_DATA FOR ANALYSIS_
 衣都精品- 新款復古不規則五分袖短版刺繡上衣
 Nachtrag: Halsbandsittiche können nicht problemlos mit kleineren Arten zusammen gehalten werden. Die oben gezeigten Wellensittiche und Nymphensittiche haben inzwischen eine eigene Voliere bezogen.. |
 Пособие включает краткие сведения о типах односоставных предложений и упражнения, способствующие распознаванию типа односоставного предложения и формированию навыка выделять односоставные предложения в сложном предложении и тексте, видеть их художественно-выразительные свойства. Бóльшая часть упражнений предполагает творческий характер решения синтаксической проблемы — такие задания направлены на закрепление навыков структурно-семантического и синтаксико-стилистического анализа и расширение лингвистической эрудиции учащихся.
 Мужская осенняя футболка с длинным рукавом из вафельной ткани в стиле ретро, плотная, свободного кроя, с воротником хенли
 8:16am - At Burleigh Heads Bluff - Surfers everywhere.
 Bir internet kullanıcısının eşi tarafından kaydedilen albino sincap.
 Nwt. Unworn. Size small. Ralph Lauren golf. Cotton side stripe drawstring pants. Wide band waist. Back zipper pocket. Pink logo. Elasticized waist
---
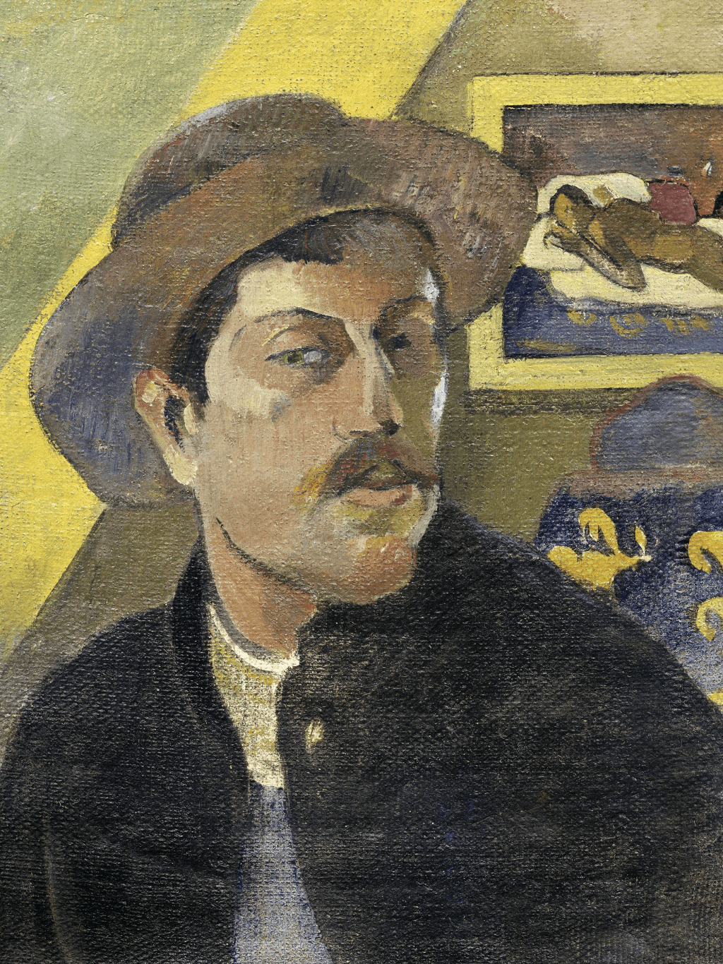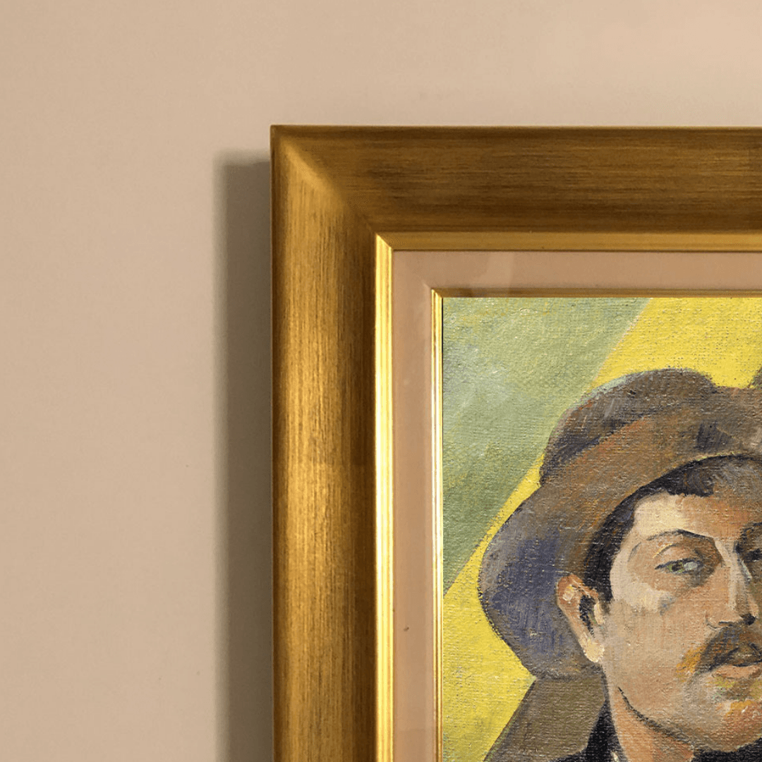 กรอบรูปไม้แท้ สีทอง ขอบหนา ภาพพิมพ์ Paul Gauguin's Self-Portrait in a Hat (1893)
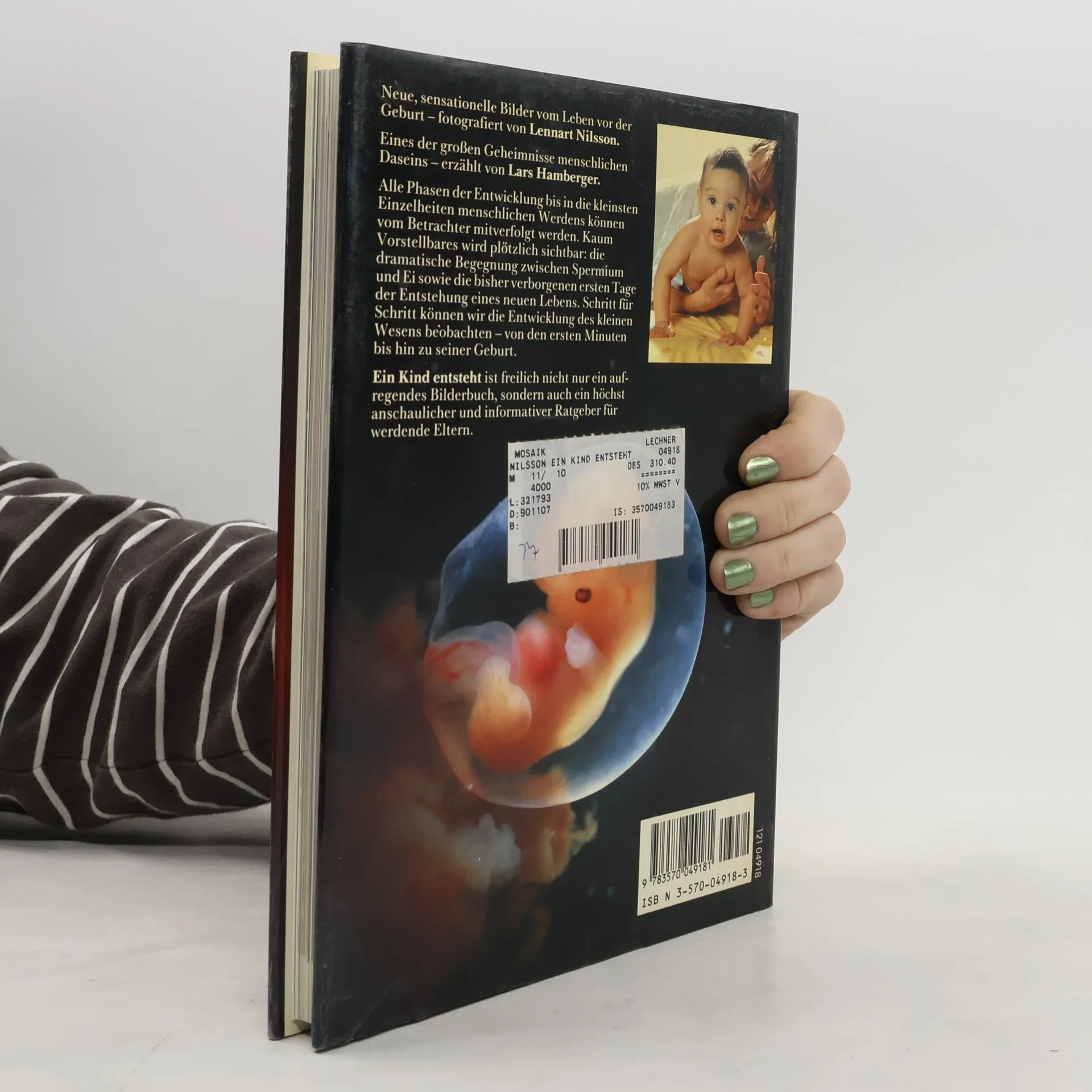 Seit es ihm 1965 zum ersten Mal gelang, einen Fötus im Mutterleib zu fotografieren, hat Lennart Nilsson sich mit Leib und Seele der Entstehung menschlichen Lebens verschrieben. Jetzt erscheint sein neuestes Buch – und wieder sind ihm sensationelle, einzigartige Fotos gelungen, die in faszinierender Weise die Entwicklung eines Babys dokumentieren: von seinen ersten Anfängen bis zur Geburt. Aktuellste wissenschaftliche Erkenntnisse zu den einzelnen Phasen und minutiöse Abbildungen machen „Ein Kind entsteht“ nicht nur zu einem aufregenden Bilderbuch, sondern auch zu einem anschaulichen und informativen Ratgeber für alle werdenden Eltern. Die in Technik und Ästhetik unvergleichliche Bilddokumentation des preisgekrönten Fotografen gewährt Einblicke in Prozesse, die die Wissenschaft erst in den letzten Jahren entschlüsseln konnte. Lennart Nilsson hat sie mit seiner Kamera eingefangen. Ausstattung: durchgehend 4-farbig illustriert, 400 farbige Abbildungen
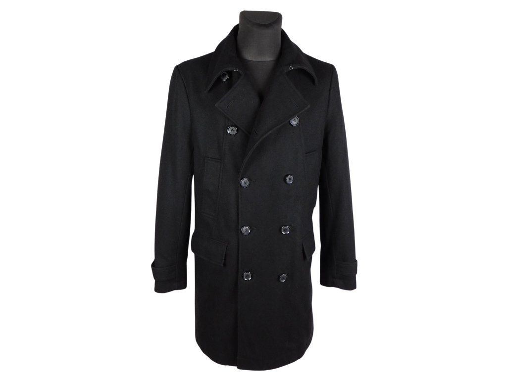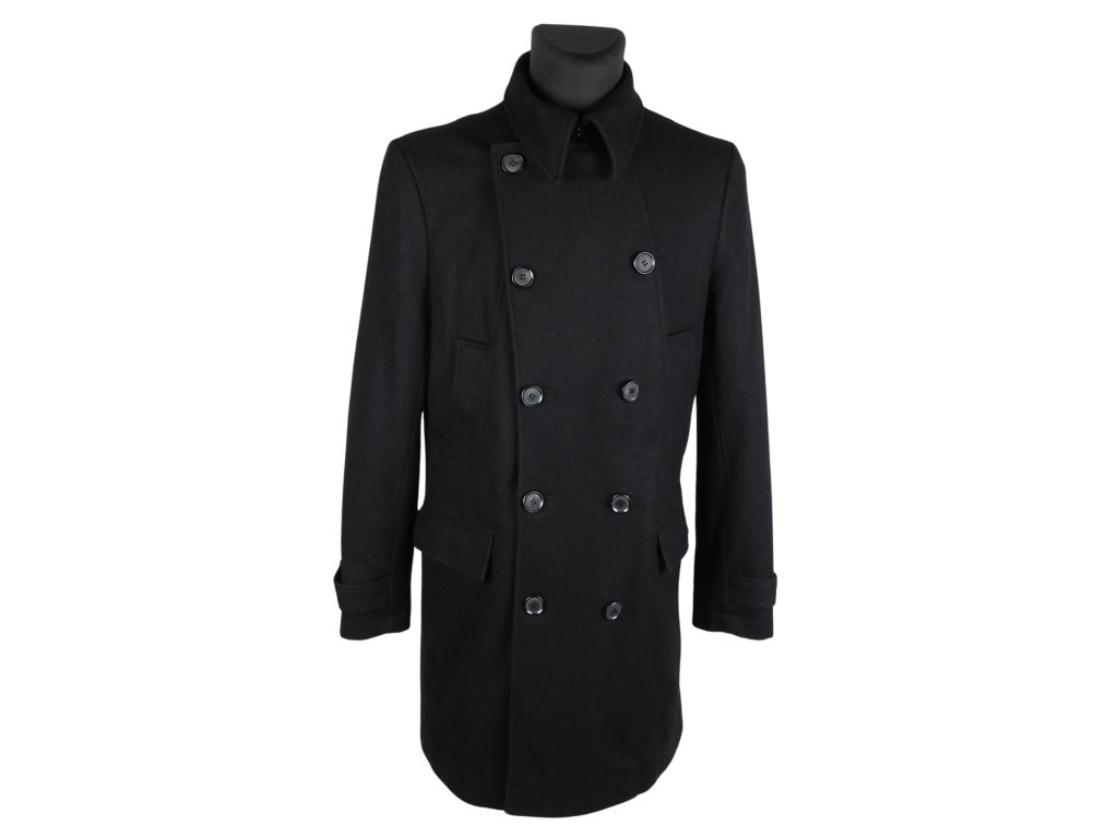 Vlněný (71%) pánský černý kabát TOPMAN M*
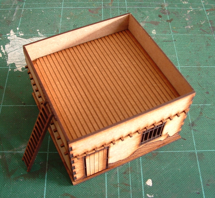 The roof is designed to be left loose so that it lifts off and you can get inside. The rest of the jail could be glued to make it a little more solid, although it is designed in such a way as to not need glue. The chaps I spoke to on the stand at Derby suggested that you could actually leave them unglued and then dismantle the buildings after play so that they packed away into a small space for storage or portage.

_TASK PROMPT_
From the records above, print only the lines between the one holding "Nachtrag: Halsbandsittiche können" and the one holding "8:16am - At", inclusive, exactly as they stand.

_RESPONSE TO THIS TASK_
 Nachtrag: Halsbandsittiche können nicht problemlos mit kleineren Arten zusammen gehalten werden. Die oben gezeigten Wellensittiche und Nymphensittiche haben inzwischen eine eigene Voliere bezogen.. |
 Пособие включает краткие сведения о типах односоставных предложений и упражнения, способствующие распознаванию типа односоставного предложения и формированию навыка выделять односоставные предложения в сложном предложении и тексте, видеть их художественно-выразительные свойства. Бóльшая часть упражнений предполагает творческий характер решения синтаксической проблемы — такие задания направлены на закрепление навыков структурно-семантического и синтаксико-стилистического анализа и расширение лингвистической эрудиции учащихся.
 Мужская осенняя футболка с длинным рукавом из вафельной ткани в стиле ретро, плотная, свободного кроя, с воротником хенли
 8:16am - At Burleigh Heads Bluff - Surfers everywhere.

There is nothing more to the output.